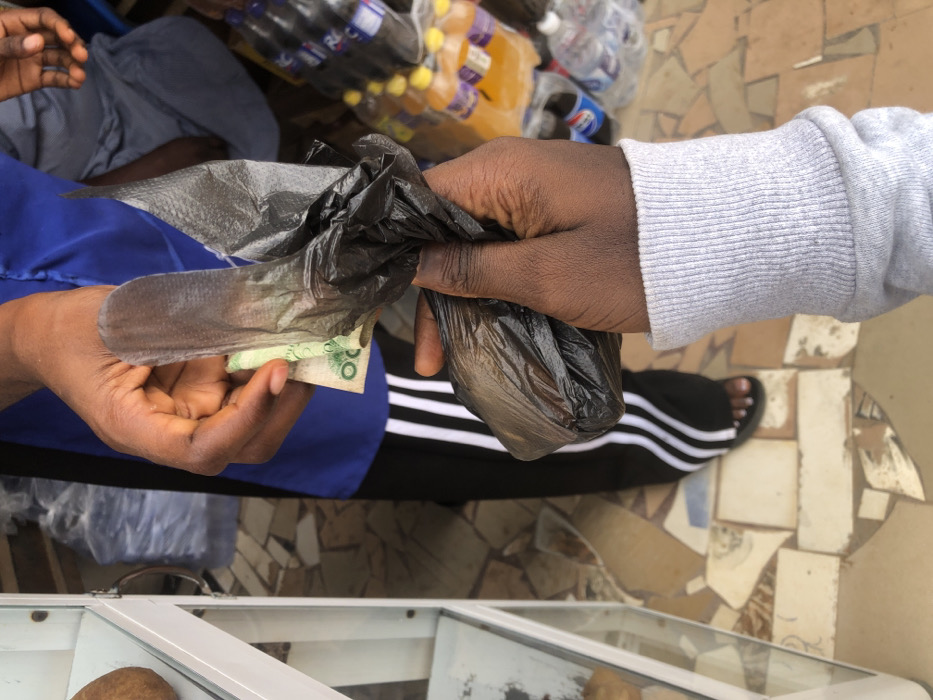 The image depicts a close-up view of a transaction occurring at a street vendor stall or small shop in Egan, Nigeria
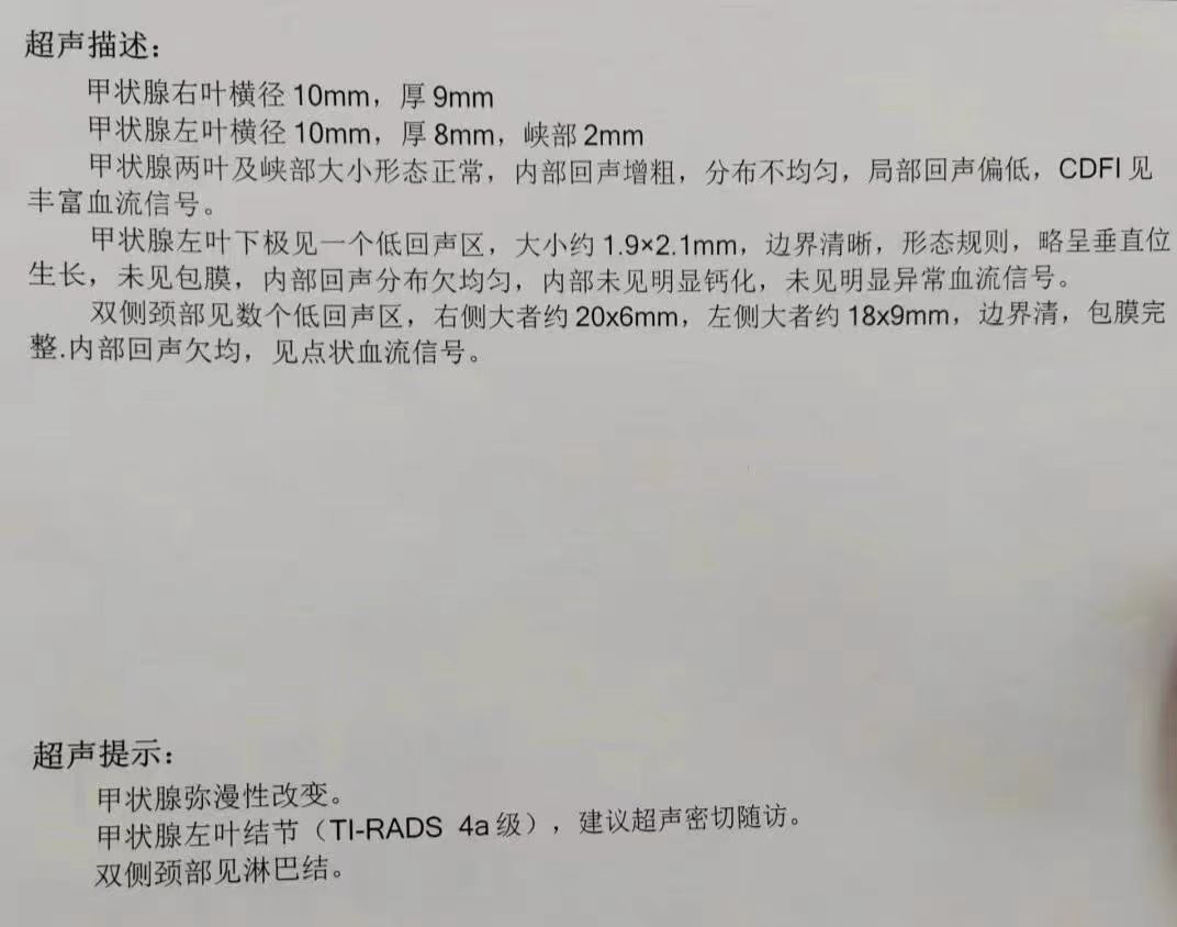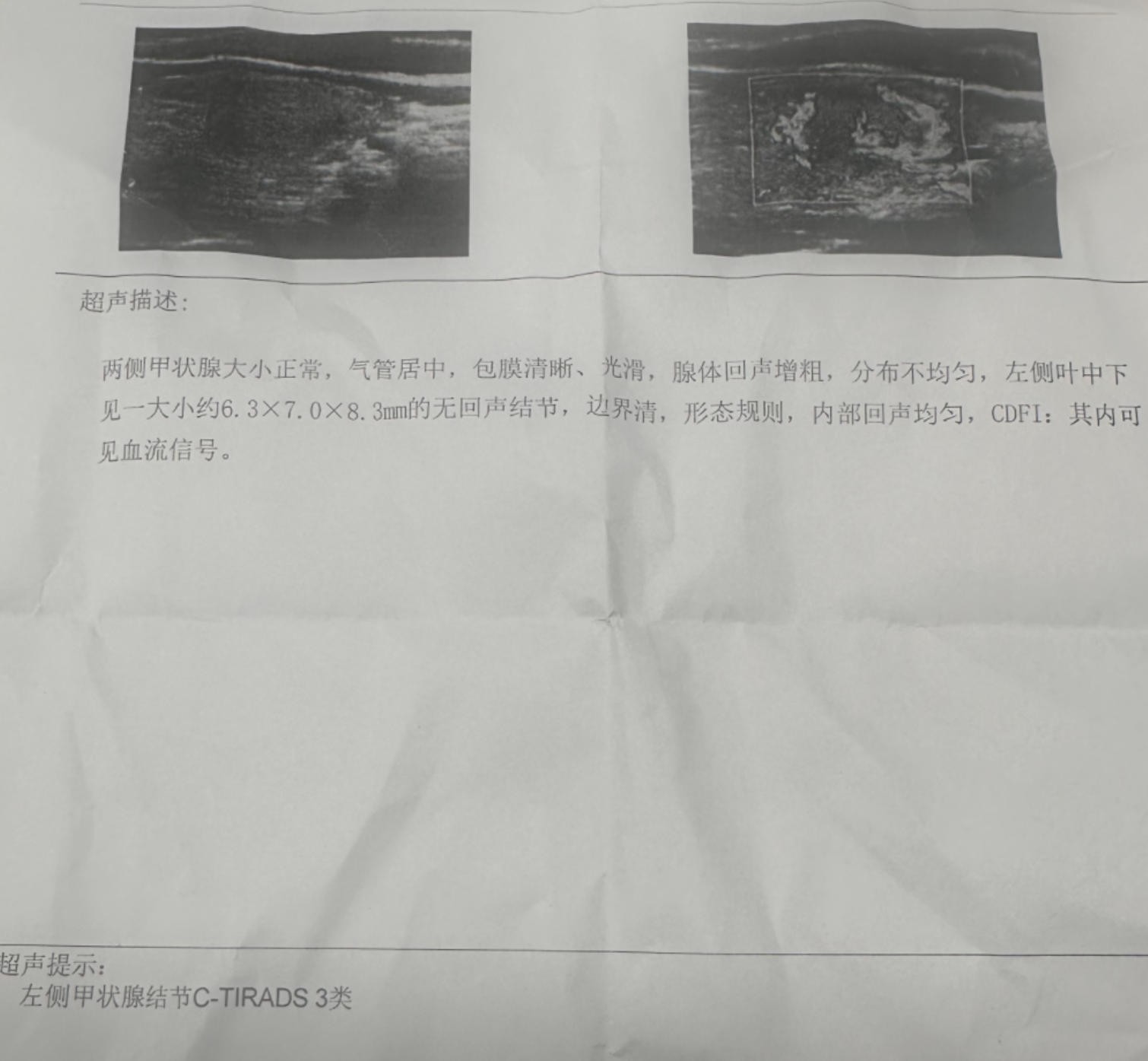 我是一名普通外科的医生,治疗过很多的甲状腺结节,结节伴随肿大的患者,但是我万万没想到有一天这个病会落在我的身上。 大概三年前,单位组织体检的时候检查出甲状腺结节,检查结果显示:左侧叶中下见一大小约6.3x7.0x8.3mm的无回声结节,边界清,形态规则,内部回声均匀,其内可见血流信号,我自己就是专业的外科大夫,一看报告我就知道这个结节没啥大问题,我问了同事,血流信号也不是很大,或许是前段时间我感冒加熬夜导致的炎性改变,确实我没有放在心上,我基本上是啥症状的都没有,在临床上如果我遇到这样的患者,基本是按时随访就可以了,我自己也就没有太重视,现在想想真的悔不当初!
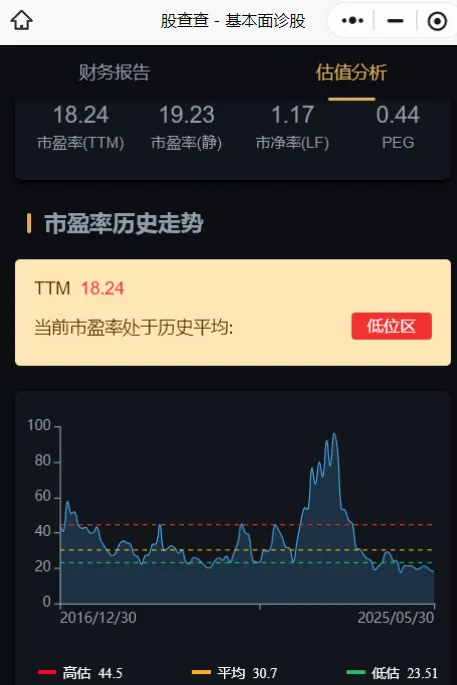 过去十年,公司平均估值是30.7倍PE,低估线是23.5倍PE。
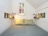 Das Ferienhaus ist mit einem offenen Küchen-/Wohnbereich mit Essecke und Holzofen, einem kleinen Badezimmer und zwei Schlafzimmern ausgestattet. Im Nebengebäude befindet sich ein weiteres Schlafzimmer mit zwei Einzelbetten. Im Haus befindet sich ein Fernseher, auf dem Sie Ihre eigenen TV-Dienste streamen können. Die Einrichtung ist hell und funktional gestaltet.
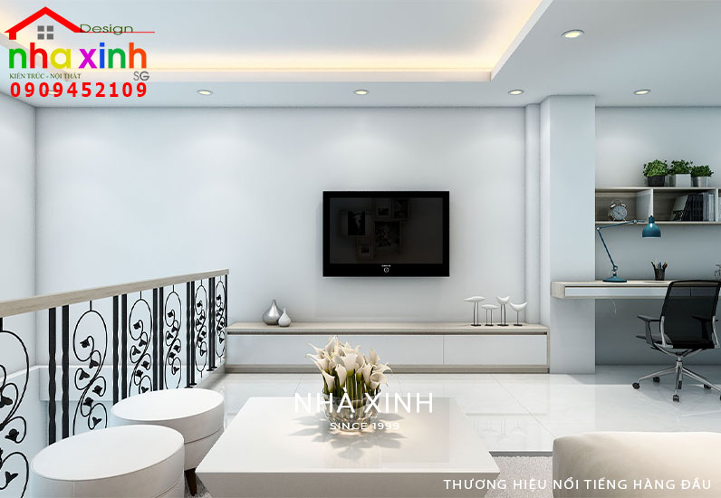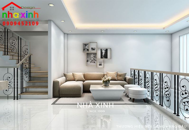 Nơi tiếp khách, sinh hoạt gia đình là ở lầu 1. Lối thiết kế hướng người dùng đến sự đơn giản, tiện nghi trong cuộc sống cho nên các chi tiết thừa thãi đã bị bỏ hết, chỉ có hoa văn trang trí ở lan can. Giếng trời được đưa vào thiết kế như là một giải pháp hoàn hảo để tiếp cận nguồn sáng tự nhiên, cải thiện không khí cảnh sắc trong nhà.
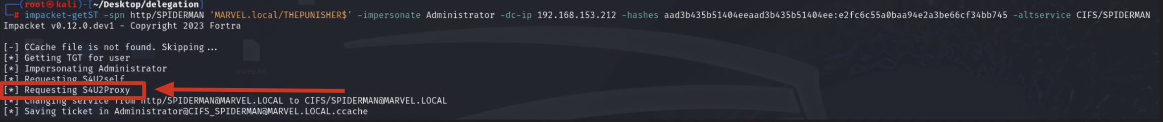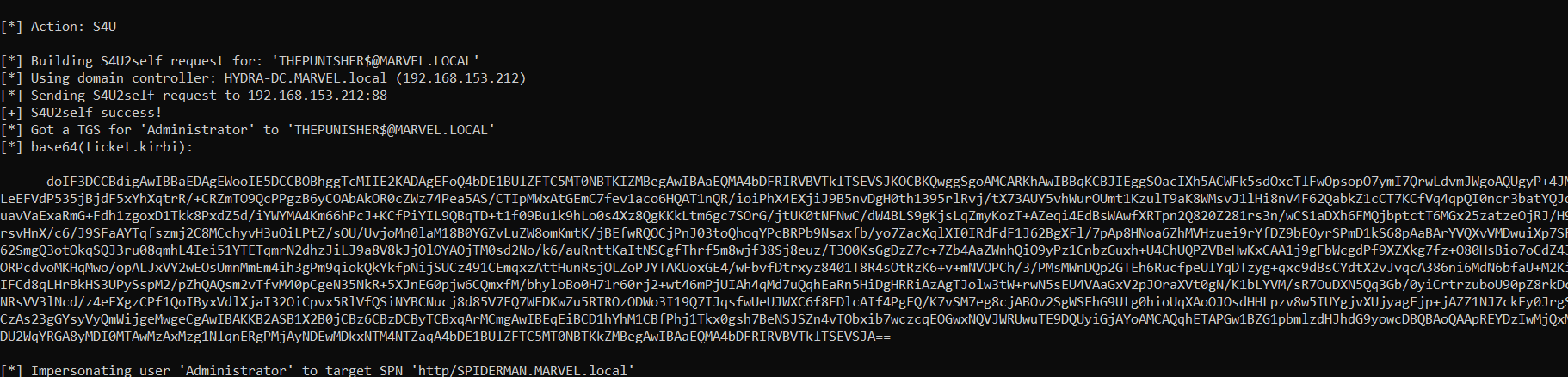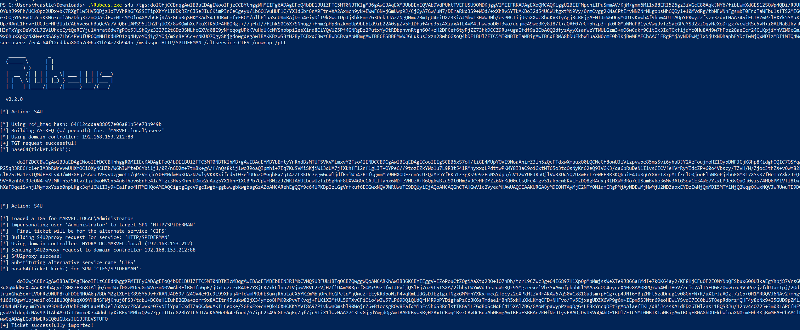 Rubeus now that it has the TGT Ticket of the Computer Account THEPUNISHER$ and the TGS Ticket (belonging to the user MARVEL\Administrator) valid for the CIFS service on the THEPUNISHER$ machine (so, the one received in the previous S4UProxy Response), will be able to use this Ticket as “evidence” and therefore insert it inside the “Additional-Ticket” field in a new “S4UProxy Request”, in this way the attacker will obtain a TGS Ticket (still belonging to the user MARVEL\Administrator) valid for the HTTP service exposed on the SPIDERMAN machine (HTTP/SPIDERMAN), finally, Rubeus will change the HTTP service to the CIFS service, thus obtaining a TGS Ticket (still belonging to the user MARVEL\Administrator) valid for the CIFS service exposed on the SPIDERMAN machine.

========

→ Work task: Please write out all the data word for word, but keep every picture out.

→ Task result:
 The image depicts a close-up view of a transaction occurring at a street vendor stall or small shop in Egan, Nigeria
 我是一名普通外科的医生,治疗过很多的甲状腺结节,结节伴随肿大的患者,但是我万万没想到有一天这个病会落在我的身上。 大概三年前,单位组织体检的时候检查出甲状腺结节,检查结果显示:左侧叶中下见一大小约6.3x7.0x8.3mm的无回声结节,边界清,形态规则,内部回声均匀,其内可见血流信号,我自己就是专业的外科大夫,一看报告我就知道这个结节没啥大问题,我问了同事,血流信号也不是很大,或许是前段时间我感冒加熬夜导致的炎性改变,确实我没有放在心上,我基本上是啥症状的都没有,在临床上如果我遇到这样的患者,基本是按时随访就可以了,我自己也就没有太重视,现在想想真的悔不当初!
 过去十年,公司平均估值是30.7倍PE,低估线是23.5倍PE。
 Das Ferienhaus ist mit einem offenen Küchen-/Wohnbereich mit Essecke und Holzofen, einem kleinen Badezimmer und zwei Schlafzimmern ausgestattet. Im Nebengebäude befindet sich ein weiteres Schlafzimmer mit zwei Einzelbetten. Im Haus befindet sich ein Fernseher, auf dem Sie Ihre eigenen TV-Dienste streamen können. Die Einrichtung ist hell und funktional gestaltet.
 Nơi tiếp khách, sinh hoạt gia đình là ở lầu 1. Lối thiết kế hướng người dùng đến sự đơn giản, tiện nghi trong cuộc sống cho nên các chi tiết thừa thãi đã bị bỏ hết, chỉ có hoa văn trang trí ở lan can. Giếng trời được đưa vào thiết kế như là một giải pháp hoàn hảo để tiếp cận nguồn sáng tự nhiên, cải thiện không khí cảnh sắc trong nhà.
 Rubeus now that it has the TGT Ticket of the Computer Account THEPUNISHER$ and the TGS Ticket (belonging to the user MARVEL\Administrator) valid for the CIFS service on the THEPUNISHER$ machine (so, the one received in the previous S4UProxy Response), will be able to use this Ticket as “evidence” and therefore insert it inside the “Additional-Ticket” field in a new “S4UProxy Request”, in this way the attacker will obtain a TGS Ticket (still belonging to the user MARVEL\Administrator) valid for the HTTP service exposed on the SPIDERMAN machine (HTTP/SPIDERMAN), finally, Rubeus will change the HTTP service to the CIFS service, thus obtaining a TGS Ticket (still belonging to the user MARVEL\Administrator) valid for the CIFS service exposed on the SPIDERMAN machine.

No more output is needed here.